Converts multiple files to a specified format and outputs their contents as a list. Keeps track of processed files to avoid reprocessing.

Configuration Options

NameData TypeDescriptionDefault Value
to_formatPandocToFormatsTarget output format for all processed files. Converts all file content to the specified format (MARKDOWN, HTML, JSON, etc.) for consistent processing.PandocToFormats.MARKDOWN
use_document_intelligenceboolWhether to use Azure Document Intelligence for supported file types. Provides enhanced text extraction and layout preservation for documents and images.True

Inputs

NameData TypeDescription
fileslist[File]List of files to process and convert. The block maintains state to avoid reprocessing previously handled files, making it efficient for incremental batch operations.

Outputs

NameData TypeDescription
outputlist[str]List of converted file contents as strings, in the same order as processed. Each string contains the full content of a file converted to the specified format.

Examples

# Process multiple documents and extract their content as Markdown
- block_type: GetFiles
  block_source: native
  block_version: 1.0.0
  config:
    to_format: MARKDOWN
    use_document_intelligence: true
  inputs:
    files: "{{uploaded_documents}}"  # List of PDF, DOCX, or other files
  outputs:
    output: "{{processed_content_list}}"  # List of extracted text content

Error Handling

Common Errors and Solutions

Failed to process file [filename]

Cause: Individual file processing failed due to format issues, corruption, or service unavailability.

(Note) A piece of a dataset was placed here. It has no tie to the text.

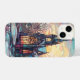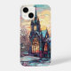 Un charmant mini iPhone 14 coque avec l'image d'une église d'hiver en vitrail.

Solution: The block continues processing other files and excludes failed files from the processed list. Check file format compatibility and try reprocessing failed files individually.

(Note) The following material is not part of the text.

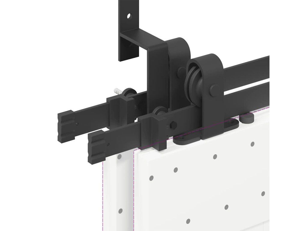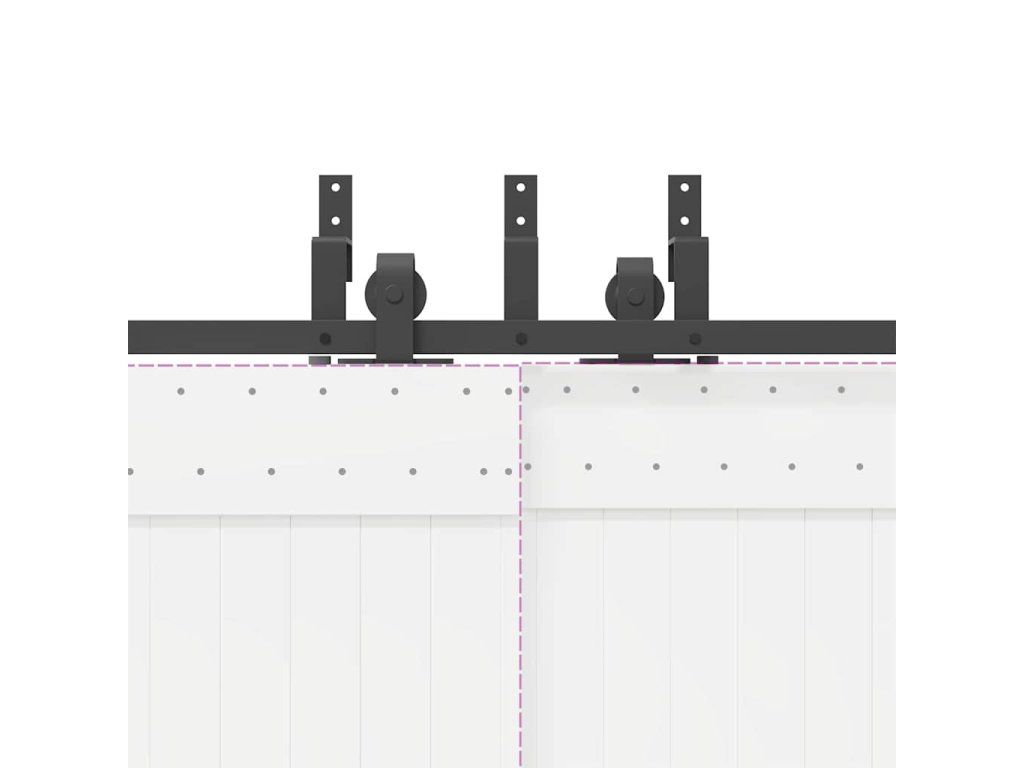 - Ideální pro dvojitá stodolová vrata: V případě omezeného prostoru na stěně umožňuje sada obchozího držáku stodolových dveří nezávislé posouvání dvou stodolových dveří po dvou kolejnicích bez nutnosti dalšího volného prostoru.

Document Intelligence quota exceeded

Cause: Azure Document Intelligence service has reached its usage limit.

Solution: Set `use_document_intelligence` to `false` to use Pandoc fallback, or wait for quota reset. Consider batch processing during off-peak hours.

Memory issues with large file batches

Cause: Processing many large files simultaneously can exceed memory limits.

Solution: Process files in smaller batches or use streaming approaches. The state management helps avoid reprocessing files across multiple runs.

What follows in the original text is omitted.